In practice, it gets worse. The "kitchen sink" approach is a common tactic in fields like machine learning and many scientific fields, where researchers include all available variables in an analysis, without thought. Including unnecessary variables can block true causal effects and introduce spurious correlations. In the absence of a structural causal model, some of these variables will be 'bad controls' and introduce collider bias (producing spurious correlations),  block mediators (blocking causal pathways), among other problems such as bias amplification, overcontrol bias, and case-control bias (see the excellent A Crash Course in Good and Bad Controls.

This has also been amusingly referred to in a blog by Richard McElreath as Causal Salad:

"You put everything into a regression equation, toss with some creative story-telling, and hope the reviewers eat it. In general, this is not a valid approach... The Salad isn’t only regression. Really any procedure that hopes to take a list of variables (features) and return causal inference is Causal Salad. No amount of data reliably turns salad into sense."

Importantly, the problem can occur even if only some variables are conditioned on.
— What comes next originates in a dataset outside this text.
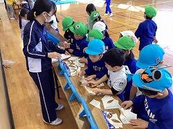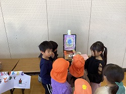 前半は,学校案内をしました。1年生が年長さんの手を取り「ここが図書室だよ」「休み時間は外でも遊べるんだよ」など,優しく説明できました。また,ランドセルや黄色い帽子を貸してあげると,「とても似合っているよ!」と声をかけ,年長さんも嬉しそうでした。

For instance, when examining the causal effect of two variables (whose causal effect you are interested in) simultaneously, one variable that needs to be dealt with as a confounder for one of them might be a mediator or collider for the other. Although the causal effect of one of the exposures can now be discovered, doing so interferes with the causal path for the other.


A Covid Salad

The healthcare literature is, worryingly, riddled with this avoidable mistake. Let's consider an important example where this issue has caused some controversy. The figure below is from a 2020 paper “Factors associated with COVID-19-related death using OpenSAFELY”. It reports the risk of death from COVID-19 infection based on several potential risk factors. The further to the right the point, the higher the risk for that group. The table shown is only a small section of the full list of variables tossed into the analysis. This study suffers  from the mutual adjustment fallacy, rendering the results causally uninterpretable. This is a big problem, because surely the purpose is to provide causal knowledge that allows for informed policy. In fact, the French government enacted policies informed by this study.


At first glance, the results appear reasonable: men are at higher risk than women, older individuals are at greater risk than younger ones—all seems logical. However, it's only when examining smoking that you may notice something amiss. The study claims that being a smoker places a person at a lower risk than never having smoked or being a former smoker. The mutual adjustment fallacy is at play here, and the observed effect of smoking is not causal. It is uninterpretable without a structural causal model.

You might argue that the study is purely descriptive and that among the spurious correlations, some elements of causality might be waiting to be discovered. If this is the case, studies should be transparent about that, and ultimately, we must strive to uncover the causal effects.

How can we tackle these problems? One approach is to have multiple models — one for each variable of interest. While this is a viable option, it is less than ideal. Fortunately, the structural causal models you can build with CausaDB enable the isolation and simultaneous examination of multiple variables' causal effects. Only a carefully constructed structural causal model can help untangle the web of causation.